What is needed: Pictures in the entries below are excluded; copy only the lines from the one containing "iPhone 13 Pro" to the one containing "Approfondiremo l’aspetto laboratoriale", both included.

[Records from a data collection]

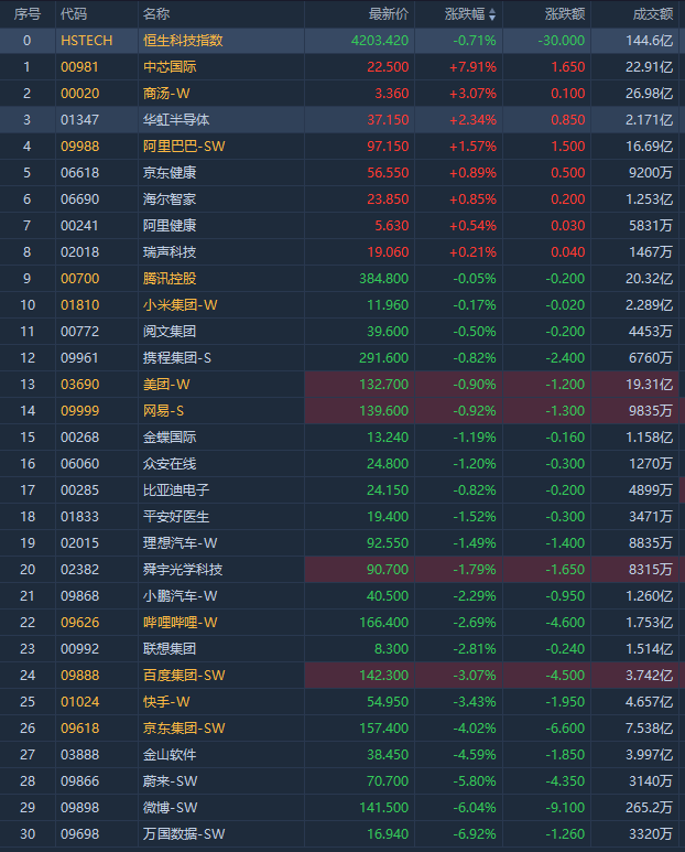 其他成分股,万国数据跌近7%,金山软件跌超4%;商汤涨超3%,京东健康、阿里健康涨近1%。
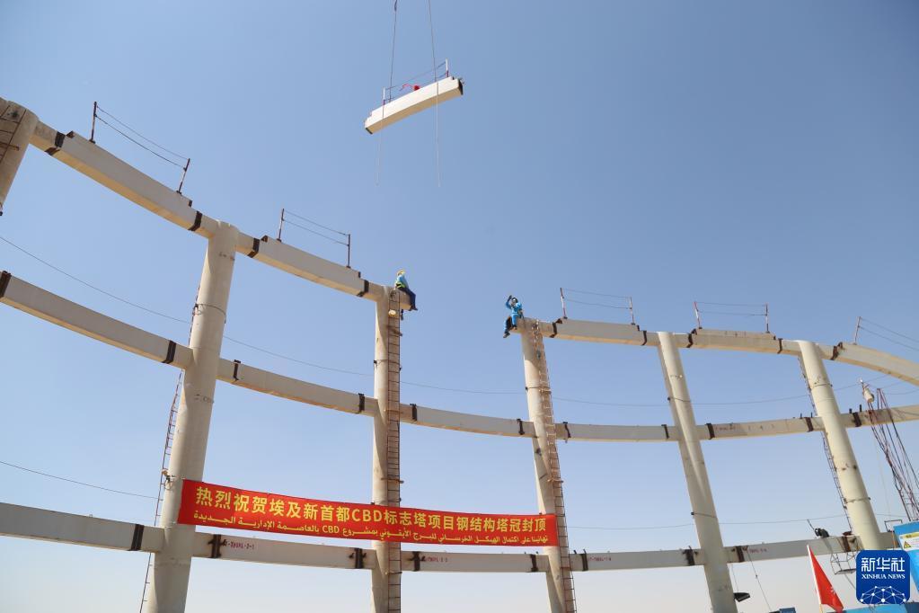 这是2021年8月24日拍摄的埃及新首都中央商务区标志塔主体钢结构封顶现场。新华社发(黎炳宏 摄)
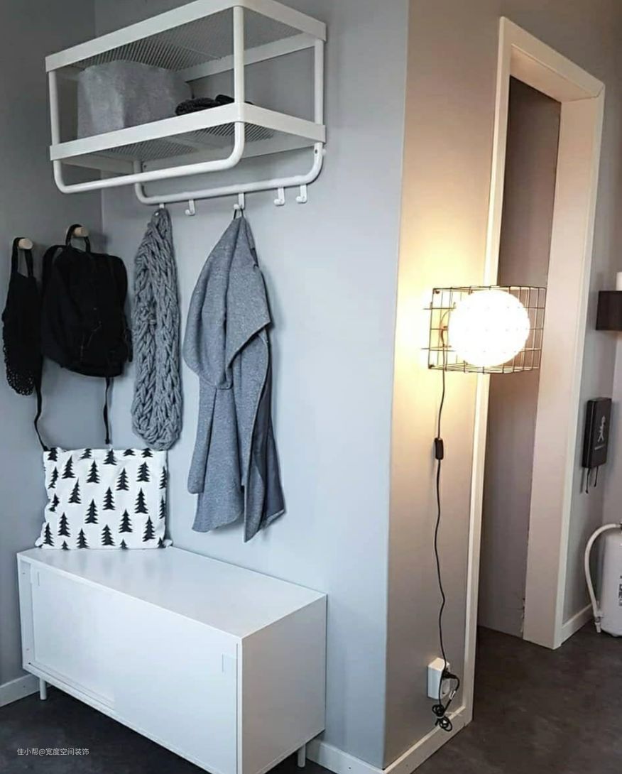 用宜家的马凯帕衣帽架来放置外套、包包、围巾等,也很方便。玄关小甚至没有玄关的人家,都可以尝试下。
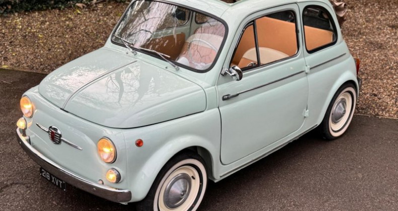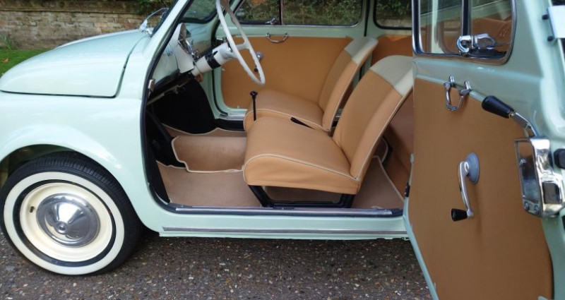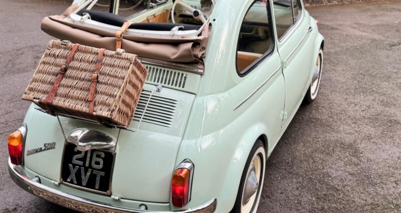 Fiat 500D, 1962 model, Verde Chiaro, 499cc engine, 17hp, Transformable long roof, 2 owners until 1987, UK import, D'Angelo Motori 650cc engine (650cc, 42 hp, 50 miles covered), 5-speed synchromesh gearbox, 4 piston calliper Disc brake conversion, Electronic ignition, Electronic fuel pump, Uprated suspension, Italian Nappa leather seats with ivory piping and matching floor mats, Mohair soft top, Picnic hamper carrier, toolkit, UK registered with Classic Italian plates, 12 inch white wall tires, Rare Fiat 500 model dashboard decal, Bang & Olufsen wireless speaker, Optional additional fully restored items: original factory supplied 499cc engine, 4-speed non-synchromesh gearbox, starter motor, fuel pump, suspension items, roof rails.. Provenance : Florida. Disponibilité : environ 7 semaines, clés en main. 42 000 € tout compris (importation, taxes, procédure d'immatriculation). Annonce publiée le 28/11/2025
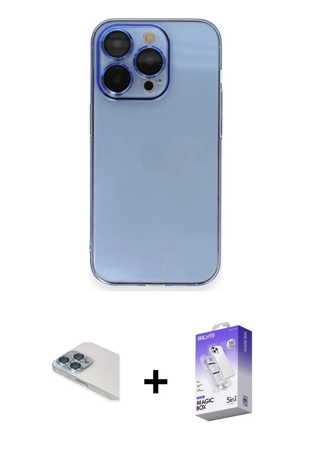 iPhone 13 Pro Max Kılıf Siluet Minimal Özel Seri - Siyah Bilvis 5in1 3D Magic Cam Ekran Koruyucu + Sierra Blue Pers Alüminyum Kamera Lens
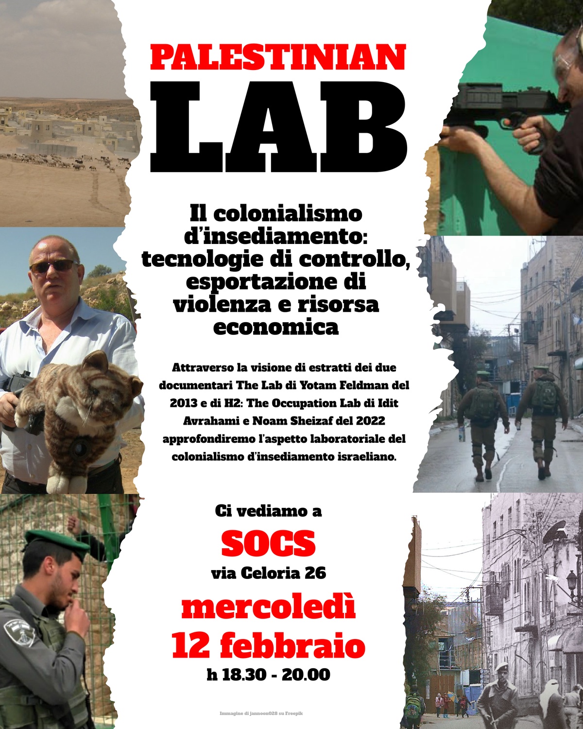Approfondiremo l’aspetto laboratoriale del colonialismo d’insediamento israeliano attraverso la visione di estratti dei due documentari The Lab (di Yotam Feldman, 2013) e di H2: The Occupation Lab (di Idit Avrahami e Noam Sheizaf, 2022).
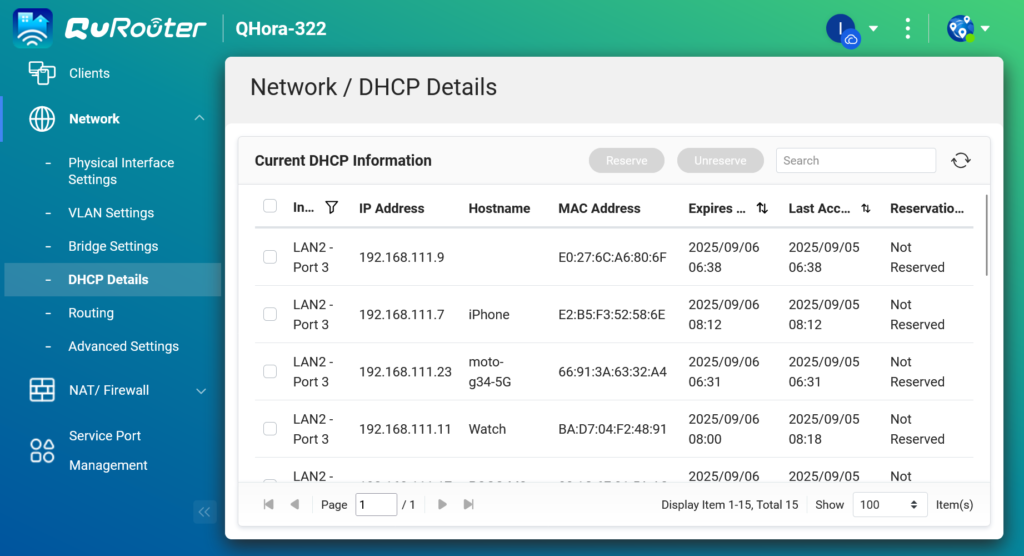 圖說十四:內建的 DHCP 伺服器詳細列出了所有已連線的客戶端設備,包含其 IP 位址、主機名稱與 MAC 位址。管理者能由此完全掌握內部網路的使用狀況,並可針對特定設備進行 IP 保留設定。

Response box:
 iPhone 13 Pro Max Kılıf Siluet Minimal Özel Seri - Siyah Bilvis 5in1 3D Magic Cam Ekran Koruyucu + Sierra Blue Pers Alüminyum Kamera Lens
Approfondiremo l’aspetto laboratoriale del colonialismo d’insediamento israeliano attraverso la visione di estratti dei due documentari The Lab (di Yotam Feldman, 2013) e di H2: The Occupation Lab (di Idit Avrahami e Noam Sheizaf, 2022).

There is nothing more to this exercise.